• _What to do_: Copy the data below exactly. Any pictures in it should be omitted.

• _Dataset content_:
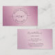 Design de círculo de logotipo simples e minimalista sobre fundo metálico rosa. O layout inclui um círculo de logotipo para um nome, iniciais e título profissional na frente, enquanto o verso oferece uma área personalizável para informações de contato, links de mídia social. Perfeito para: treinadores de bem-estar, treinadores de vida, instrutores de yoga, viagem consultores, terapeutas, fotógrafos, artistas, curandeiros holísticos, planejadores de casamento, escritores, designers de interiores e outros profissionais centrados no coração.
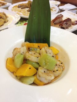 说说这个香芒奇异果虾球,色彩斑斓,摆盘用心。芒果大块,味道很甜,数量也挺多,奇异果很酸,虾球非常大,但是数目不多,整体配合着吃口感丰富。
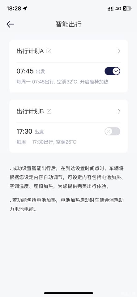 现在冬天了,在手机app里提前设置好出行计划,每天上车时车里都是暖的
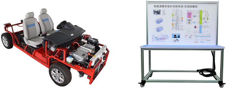 經拆卸車身的純電動整車底盤總成等;配置教學資料與維修資料、配原理教學面板六套(包括:驅動傳動系統、動力電池和管理系統、電動轉向助力、空調和暖風系統、電子真空制動系統、車身電氣系統的教學功能)、故障模擬與排除裝置、設備操作說明書。
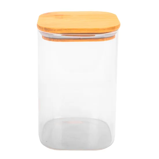 Pote de Vidrio Tampa de Bambu 10X15CM
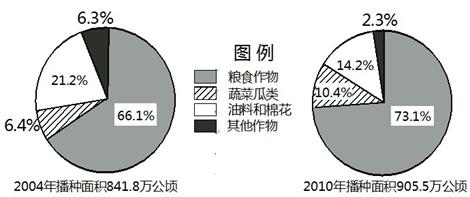 4、单选题 该图表示2004年、2010年安徽省农作物播种面积结构。完成问题。

• _Problem solution_:
 Design de círculo de logotipo simples e minimalista sobre fundo metálico rosa. O layout inclui um círculo de logotipo para um nome, iniciais e título profissional na frente, enquanto o verso oferece uma área personalizável para informações de contato, links de mídia social. Perfeito para: treinadores de bem-estar, treinadores de vida, instrutores de yoga, viagem consultores, terapeutas, fotógrafos, artistas, curandeiros holísticos, planejadores de casamento, escritores, designers de interiores e outros profissionais centrados no coração.
 说说这个香芒奇异果虾球,色彩斑斓,摆盘用心。芒果大块,味道很甜,数量也挺多,奇异果很酸,虾球非常大,但是数目不多,整体配合着吃口感丰富。
 现在冬天了,在手机app里提前设置好出行计划,每天上车时车里都是暖的
 經拆卸車身的純電動整車底盤總成等;配置教學資料與維修資料、配原理教學面板六套(包括:驅動傳動系統、動力電池和管理系統、電動轉向助力、空調和暖風系統、電子真空制動系統、車身電氣系統的教學功能)、故障模擬與排除裝置、設備操作說明書。
 Pote de Vidrio Tampa de Bambu 10X15CM
 4、单选题 该图表示2004年、2010年安徽省农作物播种面积结构。完成问题。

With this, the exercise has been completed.